Teradata Database now processes single or multiple instances of COUNT DISTINCT, common in tactical queries, more efficiently. Release 16.00 processes multiple count distinct operations in fewer steps. EXPLAIN text has been modified to differentiate aggregate steps that combine aggregate and DISTINCT operations by indicating the number of distinct and non-distinct aggregates that would be processed by the SUM step.
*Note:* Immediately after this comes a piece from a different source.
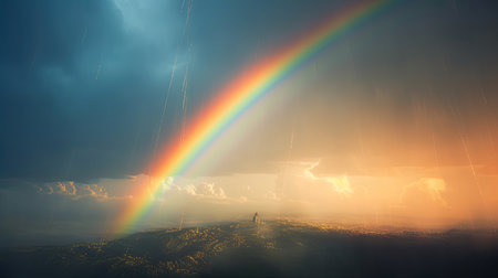A stunning view of a rainbow arching over mountains beneath a stormy sky. The landscape showcases nature's beauty, vibrant colors, and dramatic contrasts.

MINIMUM DISTINCT and MAXIMUM DISTINCT operations are processed as a MINIMUM DISTINCT or a MAXIMUM DISTINCT non-distinct aggregate. This methodology also enables query processing with a reduced number of steps, and when specified with COUNT DISTINCT, these operations are processed by using the multi-distinct aggregate SUM as a non-distinct aggregate.

Benefits

The primary benefit of this feature is improved performance of queries that use COUNT DISTINCT syntax.

Considerations

The processing of the COUNT DISTINCT SUM step aggregate cache is now more sensitive to optimizer estimations, so we strongly recommend that you take the following actions:
  • Collect statistics on the anticipated GROUP BY values.
  • If possible, also collect statistics on the distinct expressions.
Collecting these statistics helps the Optimizer to plan the execution of the COUNT DISTINCT aggregation step with the correct set of resource allocations for optimal performance.

Additional Information

For more information on performance improvements for COUNT DISTINCT operations, see Teradata® Database SQL Request and Transaction Processing, B035-1142.